### What the exercise asks
The records below are to be repeated exactly, minus any pictures.

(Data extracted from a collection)
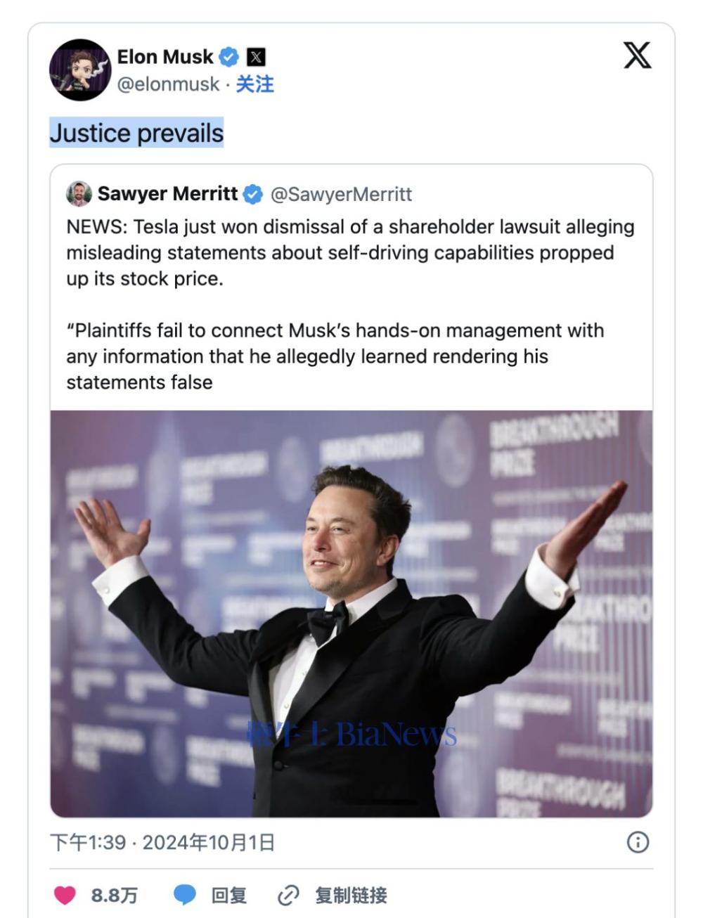 马斯克还在其铁杆粉丝索耶·梅里特(Sawyer Merritt)的相关动态下评论道:“正义终将战胜邪恶。”
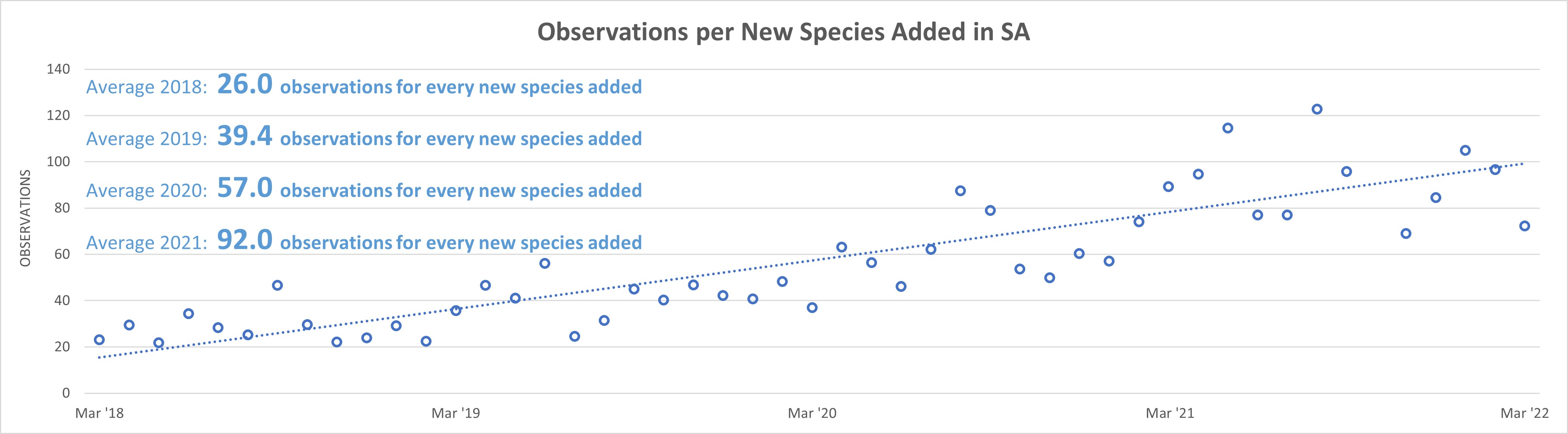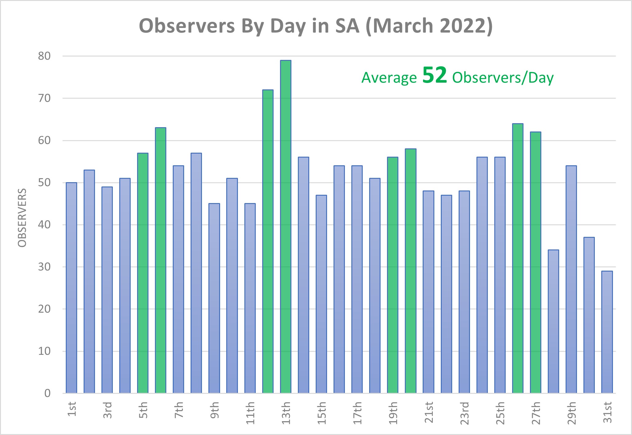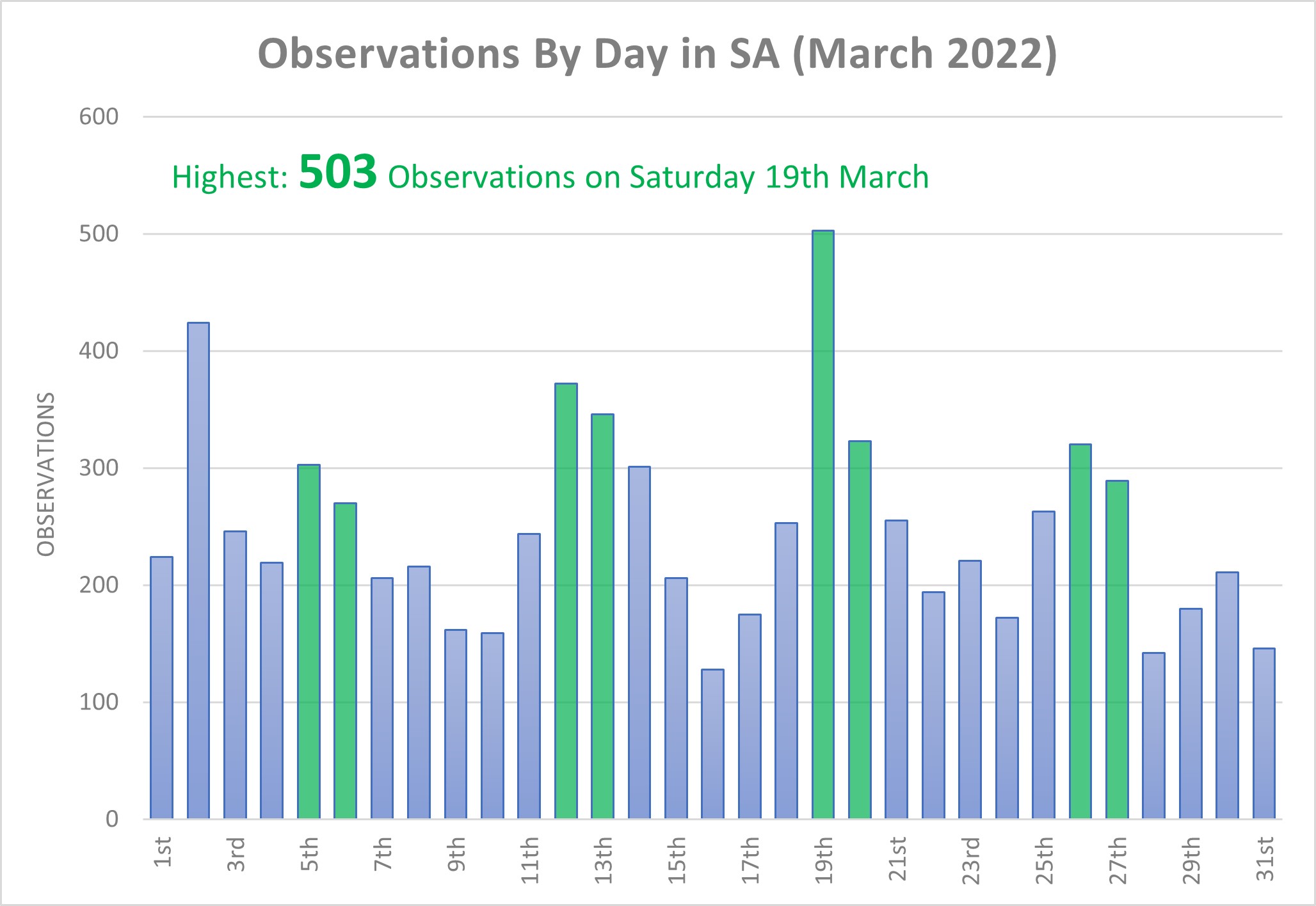 The number of observers in SA has exceeded 485 each month for the last 7 months, peaking during the Great Southern Bioblitz 2021 with 591 observers during the month. During this March there were an average of 52 people recording observations on any given day, peaking at 79 observers on the 13th. The highest number of observations in one day was 503 records on the 19th.
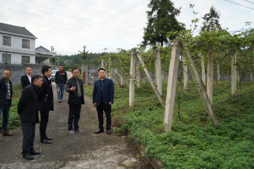 上图为易爱江一行实地查看猕猴桃种植基地
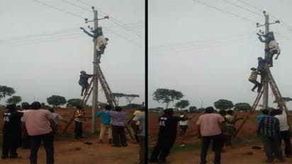 ಶಿವಕುಮಾರ್ ವಿದ್ಯುತ್ ಕಂಬ ಏರಿದ ಮಾಜಿ ಗುತ್ತಿಗೆ ನೌಕರ. ಗ್ರಾಮದಲ್ಲಿ ವಿದ್ಯುತ್ ಇಲ್ಲದ ಕಾರಣ, ಪರಿಶೀಲನೆಗೆ ಆಗಮಿಸಿದ್ದ ಚೆಸ್ಕಾಂ ಸಿಬ್ಬಂದಿ ಪುಟ್ಟರಾಜು ತಾನು ಕಂಬ ಹತ್ತುವ ಬದಲು ಶಿವಕುಮಾರ್ನನ್ನು ಹತ್ತಿಸಿದ ಆರೋಪ ಕೇಳಿ ಬಂದಿದೆ.
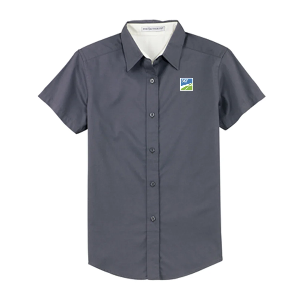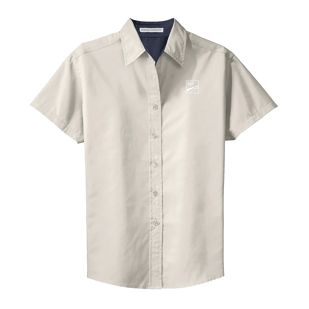 This comfortable wash-and-wear shirt is indispensable for the workday. Wrinkle resistance makes this shirt a cut above the competition so you and your staff can be, too.. 4.5-ounce, 55/45 cotton/poly. Traditional, relaxed look. Open collar. Dyed-to-match buttons. White, Athletic Gold, Texas Orange, Red, Burgundy, Coffee Bean, Light Blue, Navy, Classic Navy, Steel Grey, Purple and Black have a Light Stone contrast neckband.. Light Stone and Royal have a Classic Navy contrast neckband.. Dark Green has a Navy contrast neckband.
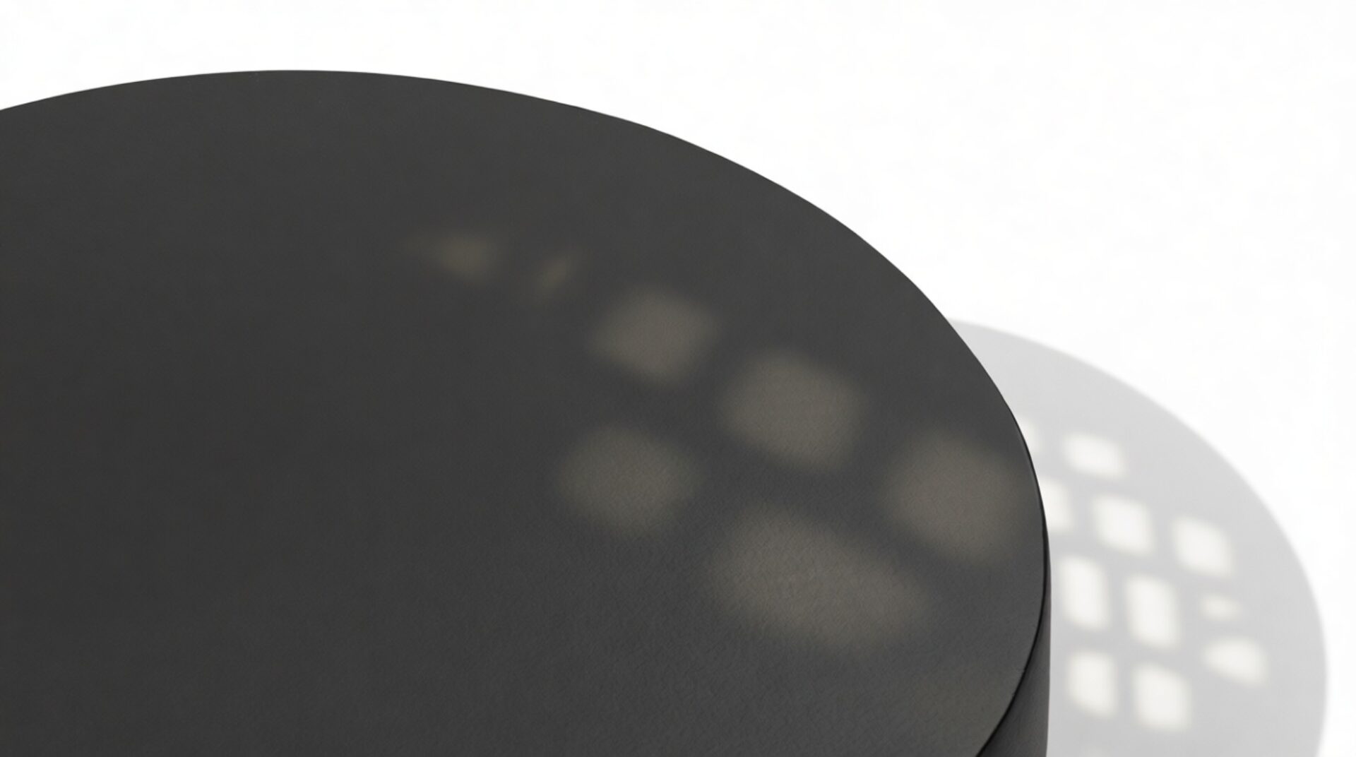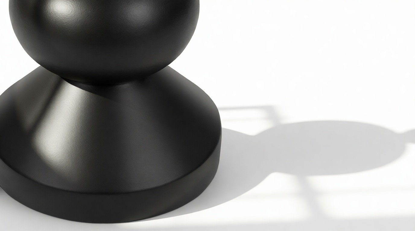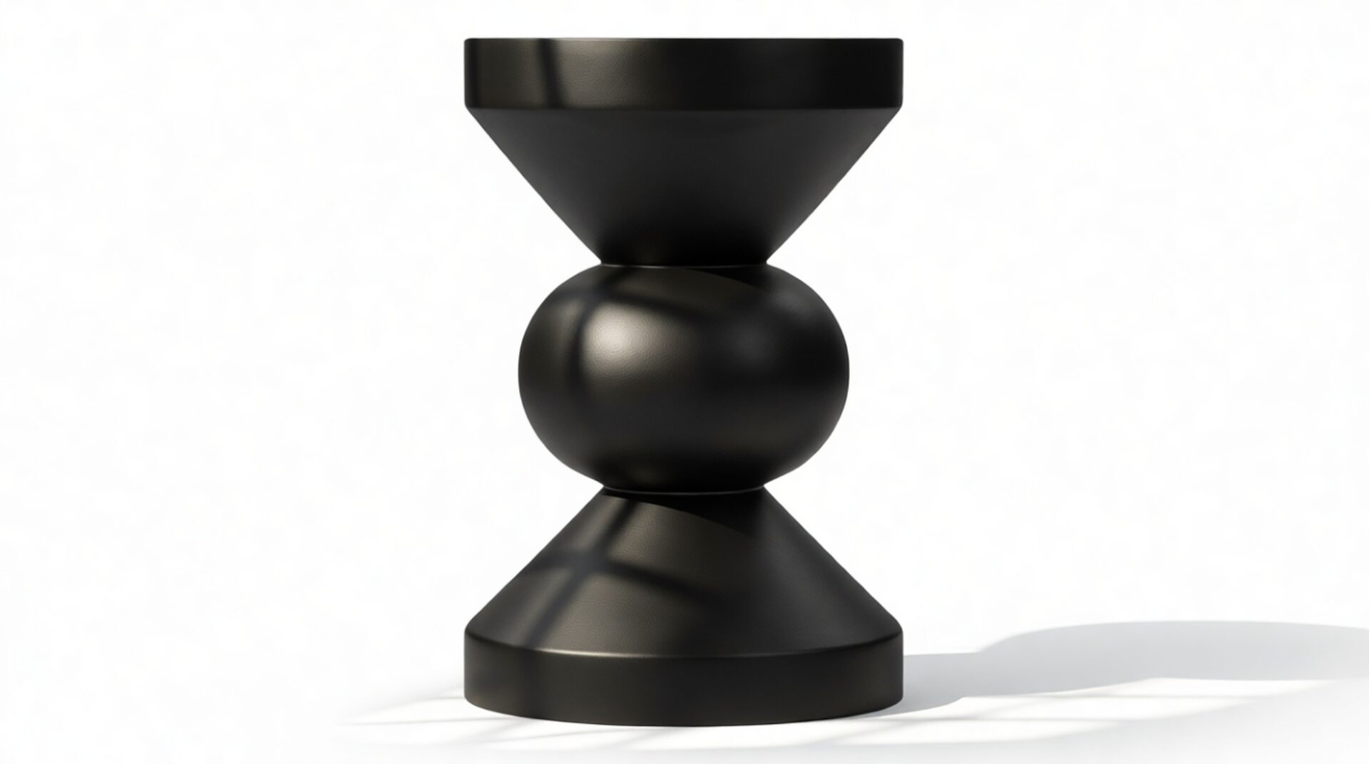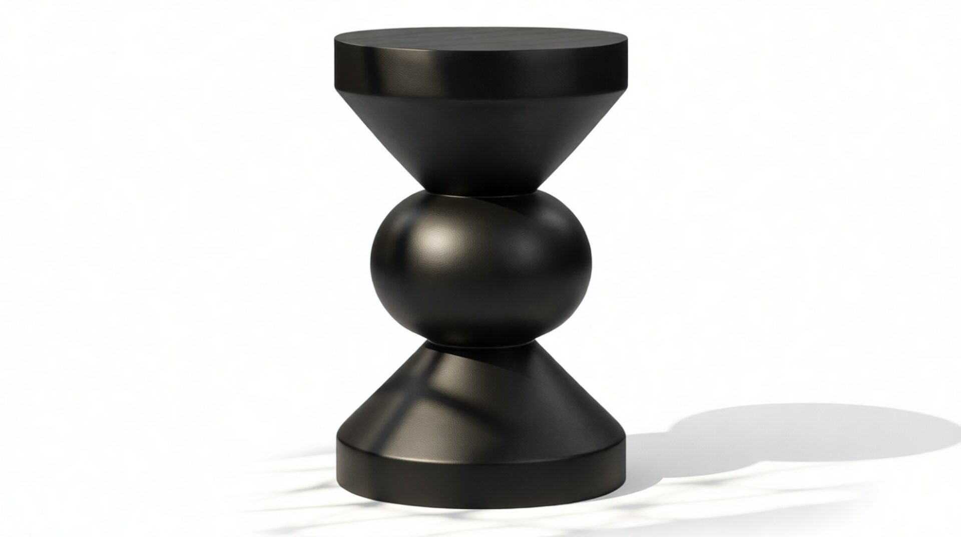 Discover the Échecs Side Table, a contemporary, geometric furniture item made from black concrete. It showcases a striking design with a conical base, spherical center, and inverted conical top. The smooth matte finish enhances its minimalist appeal, making it a versatile option for both indoor and outdoor settings.
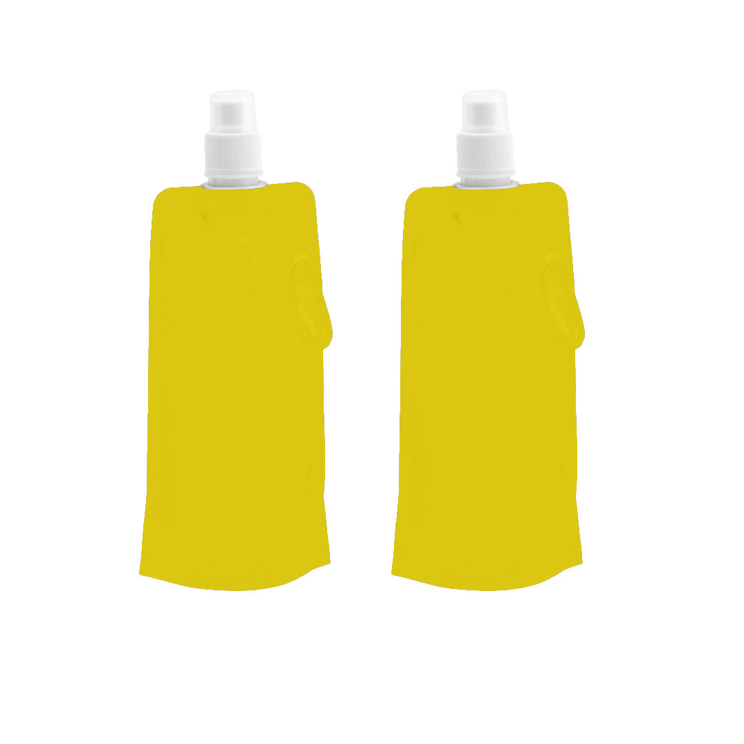 2x waterzak geel 400 ml opvouwbaar met haak. Handige waterfles van opvouwbaar en oprolbaar plastic. Met een haakje zodat u deze overal aan kunt hangen. De waterfles wordt geleverd met een drinkmondje erop en is navulbaar. Inhoud: Ongeveer 400ml. Materiaal: Kunststof. Kleur: Geel. Outdoor festival gadget benodigdheden omdat je ze heel makkelijk kunt opbergen als je ze leeg hebt. Onmisbaar tijdens je wandelingen/hike.

### Task result
 马斯克还在其铁杆粉丝索耶·梅里特(Sawyer Merritt)的相关动态下评论道:“正义终将战胜邪恶。”
 The number of observers in SA has exceeded 485 each month for the last 7 months, peaking during the Great Southern Bioblitz 2021 with 591 observers during the month. During this March there were an average of 52 people recording observations on any given day, peaking at 79 observers on the 13th. The highest number of observations in one day was 503 records on the 19th.
 上图为易爱江一行实地查看猕猴桃种植基地
 ಶಿವಕುಮಾರ್ ವಿದ್ಯುತ್ ಕಂಬ ಏರಿದ ಮಾಜಿ ಗುತ್ತಿಗೆ ನೌಕರ. ಗ್ರಾಮದಲ್ಲಿ ವಿದ್ಯುತ್ ಇಲ್ಲದ ಕಾರಣ, ಪರಿಶೀಲನೆಗೆ ಆಗಮಿಸಿದ್ದ ಚೆಸ್ಕಾಂ ಸಿಬ್ಬಂದಿ ಪುಟ್ಟರಾಜು ತಾನು ಕಂಬ ಹತ್ತುವ ಬದಲು ಶಿವಕುಮಾರ್ನನ್ನು ಹತ್ತಿಸಿದ ಆರೋಪ ಕೇಳಿ ಬಂದಿದೆ.
 This comfortable wash-and-wear shirt is indispensable for the workday. Wrinkle resistance makes this shirt a cut above the competition so you and your staff can be, too.. 4.5-ounce, 55/45 cotton/poly. Traditional, relaxed look. Open collar. Dyed-to-match buttons. White, Athletic Gold, Texas Orange, Red, Burgundy, Coffee Bean, Light Blue, Navy, Classic Navy, Steel Grey, Purple and Black have a Light Stone contrast neckband.. Light Stone and Royal have a Classic Navy contrast neckband.. Dark Green has a Navy contrast neckband.
 Discover the Échecs Side Table, a contemporary, geometric furniture item made from black concrete. It showcases a striking design with a conical base, spherical center, and inverted conical top. The smooth matte finish enhances its minimalist appeal, making it a versatile option for both indoor and outdoor settings.
 2x waterzak geel 400 ml opvouwbaar met haak. Handige waterfles van opvouwbaar en oprolbaar plastic. Met een haakje zodat u deze overal aan kunt hangen. De waterfles wordt geleverd met een drinkmondje erop en is navulbaar. Inhoud: Ongeveer 400ml. Materiaal: Kunststof. Kleur: Geel. Outdoor festival gadget benodigdheden omdat je ze heel makkelijk kunt opbergen als je ze leeg hebt. Onmisbaar tijdens je wandelingen/hike.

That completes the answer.